Dynamic imaging, or tracking, of a “bolus” of intravascularly administered tracer can be interpreted to yield information both from the “first pass,” relating primarily to tissue perfusion, or from later “pseudo steady-state” phases, relating to transendothelial transport of the tracer between intravascular and extravascular compartments. Clearly these two processes are intimately related and not trivially resolved by temporal considerations alone. Integrated models of contrast media delivery and equilibration are emerging. Nonetheless, a practical and pragmatic distinction is often drawn between first-pass (perfusion) imaging (0–60 s) and subsequent imaging sensitive to microvascular permeability (typically over a few minutes). Different imaging strategies to track gadolinium-diethylenetriaminepentaacetic acid (Gd-DTPA) are conventionally chosen: for pseudo steady-state or “permeability” imaging, an imaging sequence sensitive to the T1 shortening effect of Gd-DTPA is commonly employed, whereas first-pass imaging tends to use an imaging approach sensitive to the magnetic susceptibility effect of the tracer (manifest as transient T2 shortening). It must, however, be emphasized that this is a practical convention, and both T2*- and T1-weighted approaches can be used to study both first pass and subsequent stages of tracer transport; their relative advantages and disadvantages (especially in terms of temporal and spatial resolution) are discussed below.

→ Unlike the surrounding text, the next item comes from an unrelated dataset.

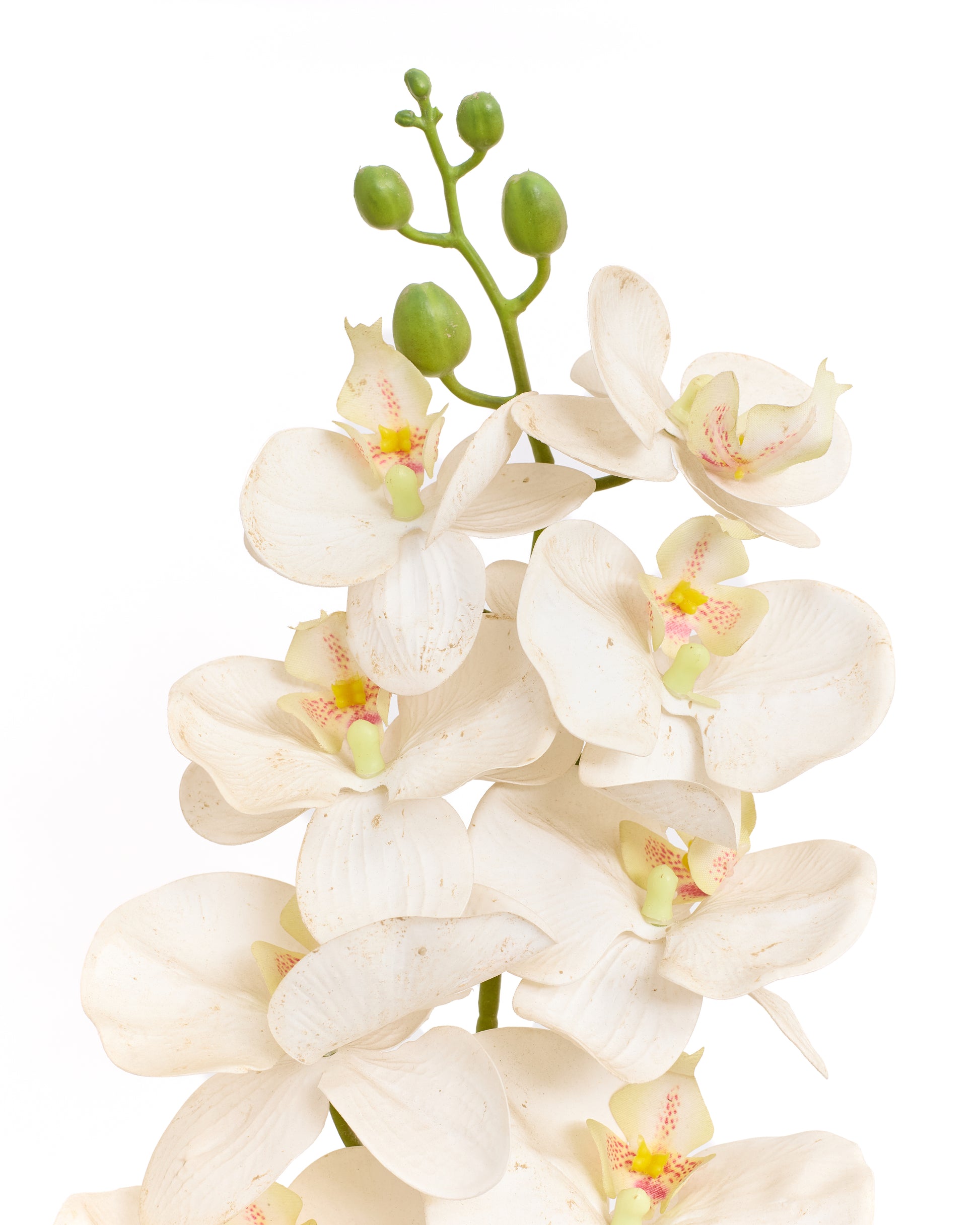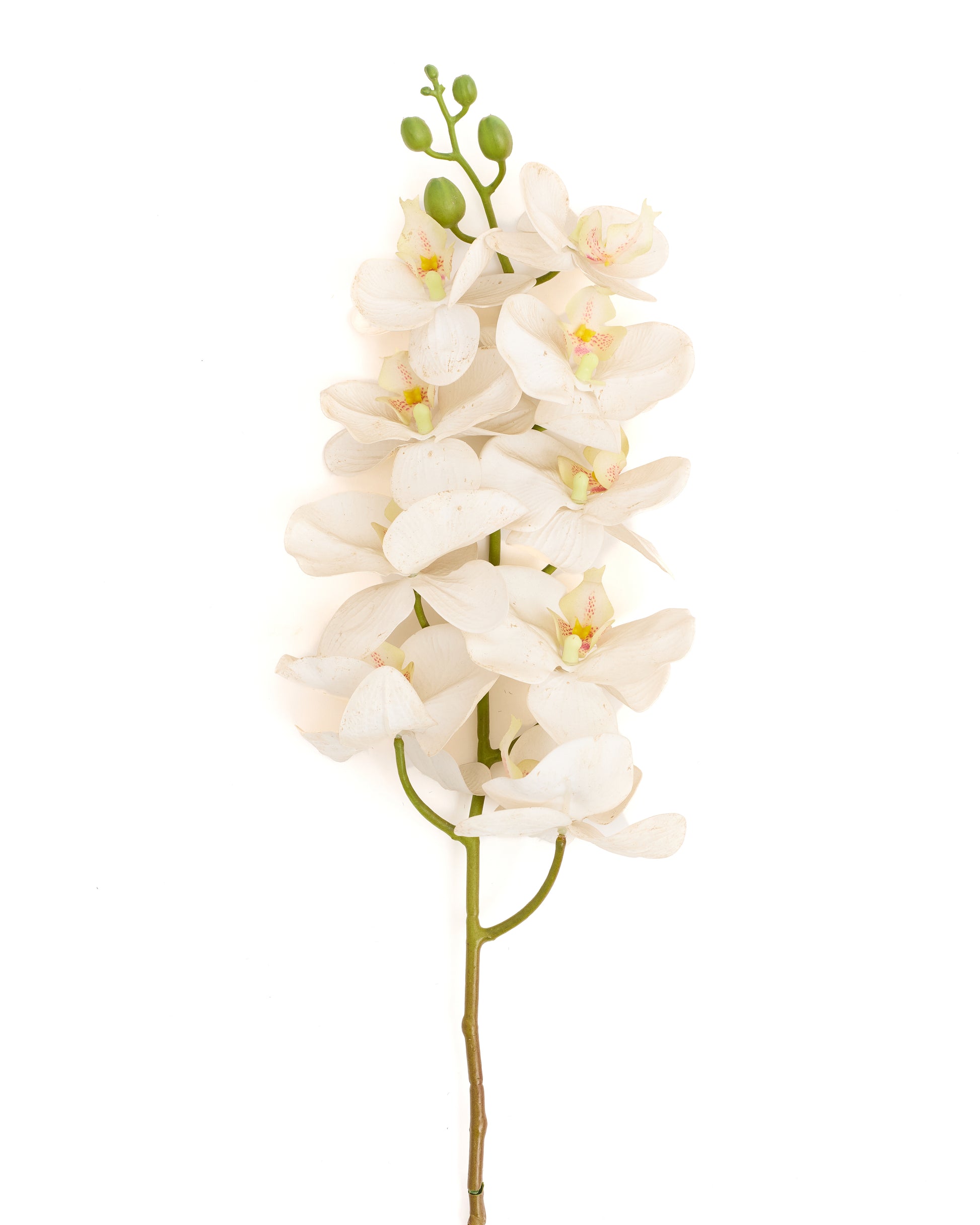 An artificial Cymbidium flower is a lifelike replica of the real bloom, made from materials like silk or plastic. It features layered petals and vibrant colors, often used in home décor, bouquets, and crafts for a long-lasting, maintenance-free floral display.

The theory of dynamic contrast-enhanced MRI (DCE-MRI), and derived permeability estimation, is related to the dynamic assessment of signal changes in a tissue voxel fed by an arterial tree and drained by the venous system. Simple kinetic models relate the volume of tracer “out” to be equal to the volume “in” (conservation of matter). Two-compartment models incorporate two environments (capillary and interstitium), the exchange of water between which is governed by rate constraints. A simple exploration of the mathematics reveals how parameters of the microvasculature, namely fractional blood volume (fBV), microvascular permeability and extravascular, extracellular space (EES), can be extracted from a single dynamic scan.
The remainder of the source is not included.